*** Opening RECORDS FOR PROCESSING ***

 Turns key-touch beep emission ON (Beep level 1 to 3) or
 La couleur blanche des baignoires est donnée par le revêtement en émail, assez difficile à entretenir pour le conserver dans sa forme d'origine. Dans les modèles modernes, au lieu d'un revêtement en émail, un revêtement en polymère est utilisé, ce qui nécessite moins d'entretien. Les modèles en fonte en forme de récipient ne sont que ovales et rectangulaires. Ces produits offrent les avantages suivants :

*** Closing RECORDS FOR PROCESSING ***
*** Opening RECORDS FOR PROCESSING ***

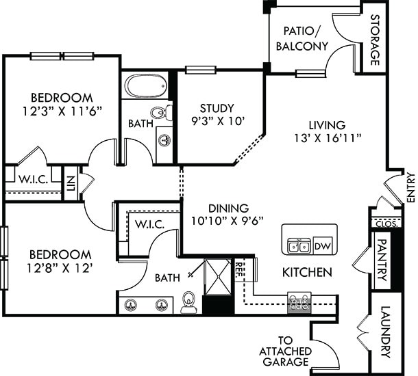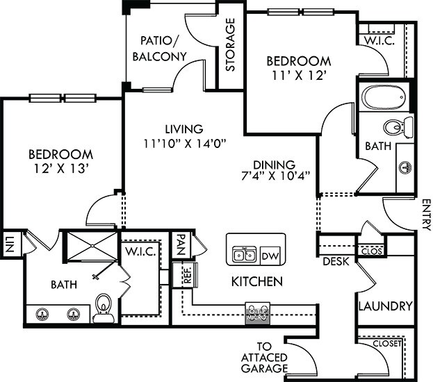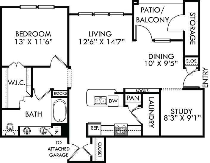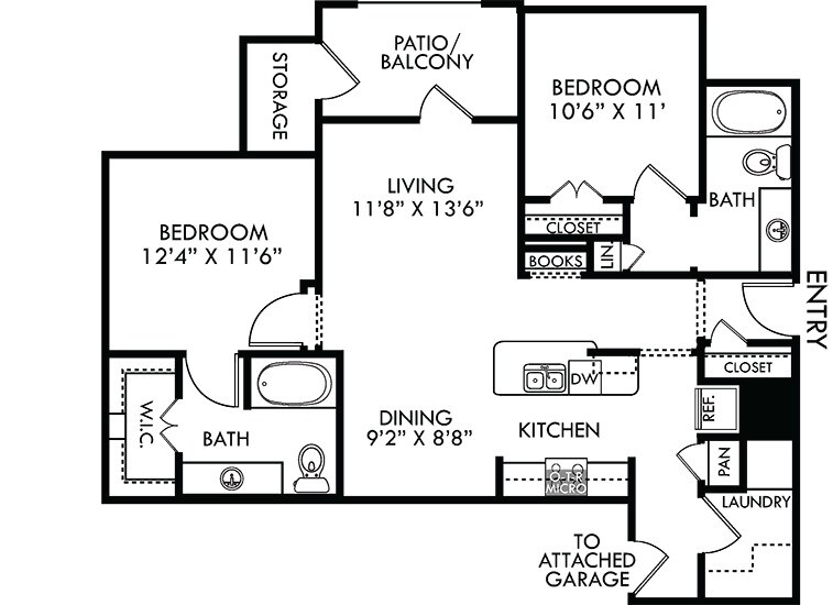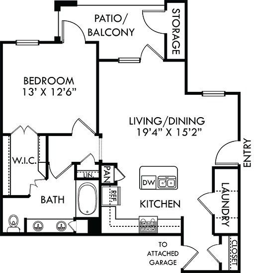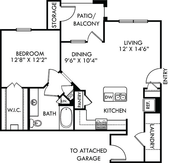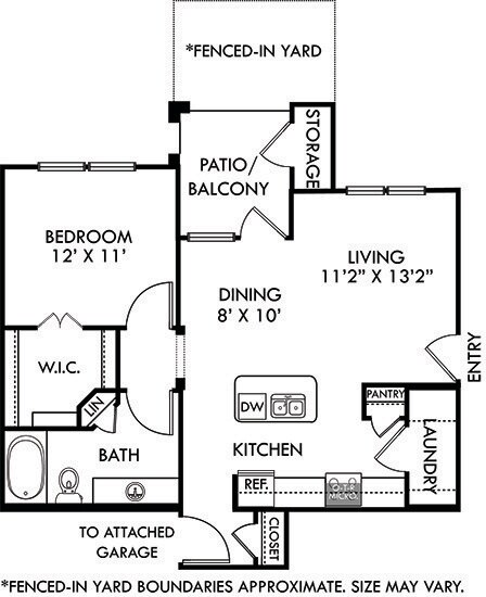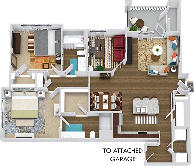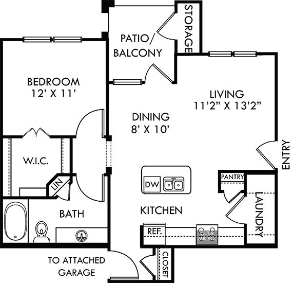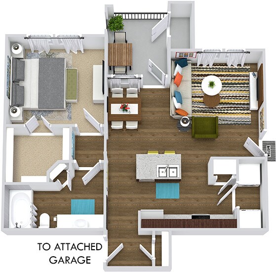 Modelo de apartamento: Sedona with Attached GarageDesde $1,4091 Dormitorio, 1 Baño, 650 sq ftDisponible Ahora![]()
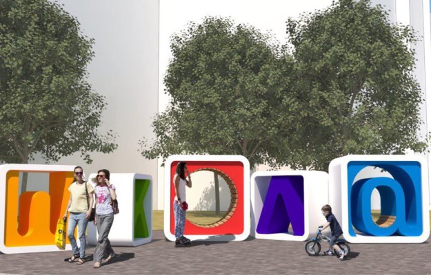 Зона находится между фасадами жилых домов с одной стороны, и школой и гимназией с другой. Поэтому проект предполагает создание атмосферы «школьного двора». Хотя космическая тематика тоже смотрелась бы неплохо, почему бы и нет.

*** Closing RECORDS FOR PROCESSING ***
*** Opening RECORDS FOR PROCESSING ***

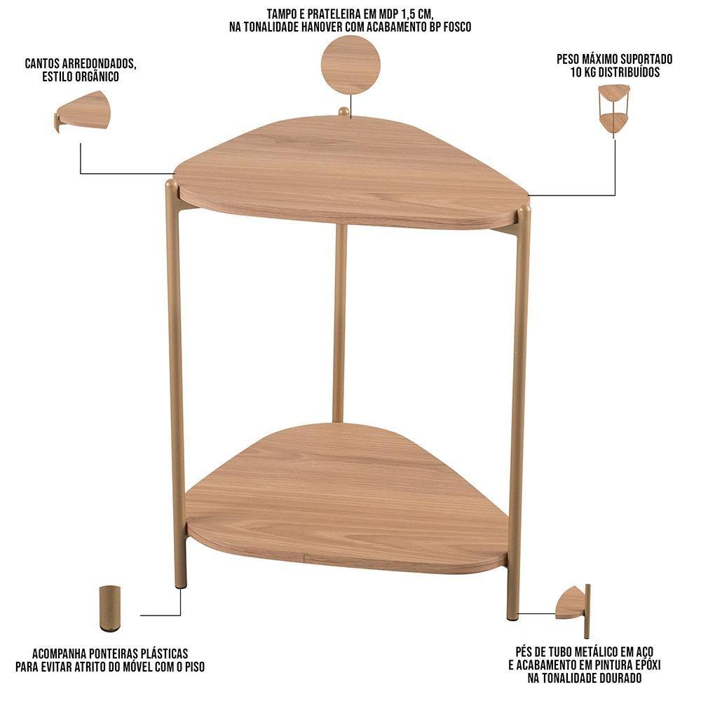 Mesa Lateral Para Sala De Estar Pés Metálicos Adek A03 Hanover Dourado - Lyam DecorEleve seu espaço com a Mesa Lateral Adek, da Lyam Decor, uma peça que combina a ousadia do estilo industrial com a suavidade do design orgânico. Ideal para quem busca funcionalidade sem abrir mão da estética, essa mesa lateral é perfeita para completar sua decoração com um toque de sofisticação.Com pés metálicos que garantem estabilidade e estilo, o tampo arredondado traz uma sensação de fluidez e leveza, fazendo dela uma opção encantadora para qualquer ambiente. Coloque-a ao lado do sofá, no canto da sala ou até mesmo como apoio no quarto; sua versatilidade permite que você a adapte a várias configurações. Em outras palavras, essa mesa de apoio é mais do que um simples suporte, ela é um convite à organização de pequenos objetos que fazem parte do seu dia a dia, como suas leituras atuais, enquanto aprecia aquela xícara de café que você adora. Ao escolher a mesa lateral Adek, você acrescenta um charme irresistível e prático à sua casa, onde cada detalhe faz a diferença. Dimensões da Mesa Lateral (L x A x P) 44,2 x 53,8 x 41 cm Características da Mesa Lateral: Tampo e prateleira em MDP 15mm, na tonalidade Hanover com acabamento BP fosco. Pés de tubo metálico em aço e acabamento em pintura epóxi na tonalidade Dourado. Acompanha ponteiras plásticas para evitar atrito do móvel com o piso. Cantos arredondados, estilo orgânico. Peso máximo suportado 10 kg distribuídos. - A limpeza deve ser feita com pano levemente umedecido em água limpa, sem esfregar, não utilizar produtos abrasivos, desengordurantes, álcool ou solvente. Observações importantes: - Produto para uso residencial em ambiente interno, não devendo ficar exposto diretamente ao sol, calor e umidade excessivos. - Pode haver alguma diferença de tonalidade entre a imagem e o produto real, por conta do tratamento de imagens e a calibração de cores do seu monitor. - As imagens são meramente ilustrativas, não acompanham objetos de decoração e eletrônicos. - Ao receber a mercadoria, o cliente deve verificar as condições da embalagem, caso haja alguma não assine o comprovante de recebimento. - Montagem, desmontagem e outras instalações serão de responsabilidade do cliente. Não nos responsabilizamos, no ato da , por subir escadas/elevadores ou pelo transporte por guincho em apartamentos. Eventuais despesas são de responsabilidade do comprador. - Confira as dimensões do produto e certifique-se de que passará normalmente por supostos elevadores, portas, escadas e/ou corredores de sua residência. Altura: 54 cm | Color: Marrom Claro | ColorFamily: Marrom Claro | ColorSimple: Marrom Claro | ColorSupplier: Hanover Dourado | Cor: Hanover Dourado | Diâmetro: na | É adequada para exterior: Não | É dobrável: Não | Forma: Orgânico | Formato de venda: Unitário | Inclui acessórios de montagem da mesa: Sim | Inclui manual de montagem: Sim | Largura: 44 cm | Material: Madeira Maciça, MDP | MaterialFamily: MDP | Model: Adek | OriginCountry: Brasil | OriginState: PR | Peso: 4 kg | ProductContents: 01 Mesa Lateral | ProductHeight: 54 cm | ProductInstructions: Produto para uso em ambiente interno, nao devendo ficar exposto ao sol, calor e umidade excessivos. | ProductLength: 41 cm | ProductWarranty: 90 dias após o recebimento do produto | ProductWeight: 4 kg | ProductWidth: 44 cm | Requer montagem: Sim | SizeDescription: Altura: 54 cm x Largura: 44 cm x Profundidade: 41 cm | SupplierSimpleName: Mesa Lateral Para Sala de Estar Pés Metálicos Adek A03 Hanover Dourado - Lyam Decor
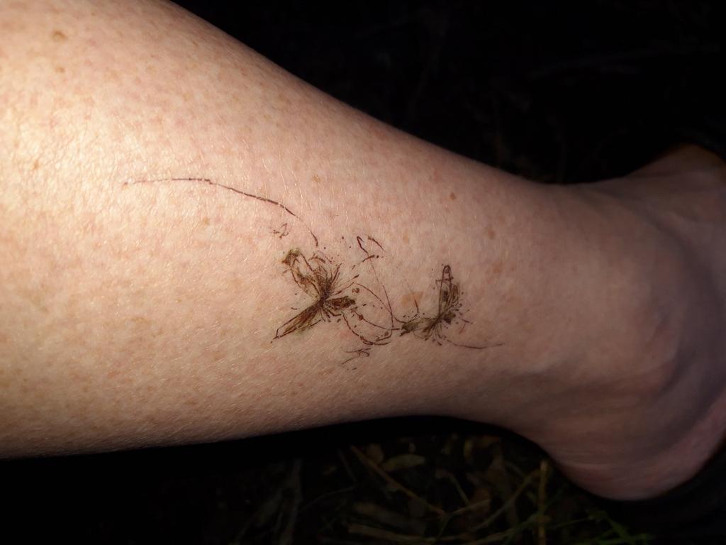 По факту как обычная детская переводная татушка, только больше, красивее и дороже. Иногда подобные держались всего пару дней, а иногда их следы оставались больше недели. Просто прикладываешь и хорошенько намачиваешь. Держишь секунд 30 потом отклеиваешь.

*** Closing RECORDS FOR PROCESSING ***

> [EXERCISE AIM] Lines to set down from above: the line with "Turns key-touch beep", the line with "La couleur blanche", and every line between, each exactly as written.

> [EXERCISE RESULT]
 Turns key-touch beep emission ON (Beep level 1 to 3) or
 La couleur blanche des baignoires est donnée par le revêtement en émail, assez difficile à entretenir pour le conserver dans sa forme d'origine. Dans les modèles modernes, au lieu d'un revêtement en émail, un revêtement en polymère est utilisé, ce qui nécessite moins d'entretien. Les modèles en fonte en forme de récipient ne sont que ovales et rectangulaires. Ces produits offrent les avantages suivants :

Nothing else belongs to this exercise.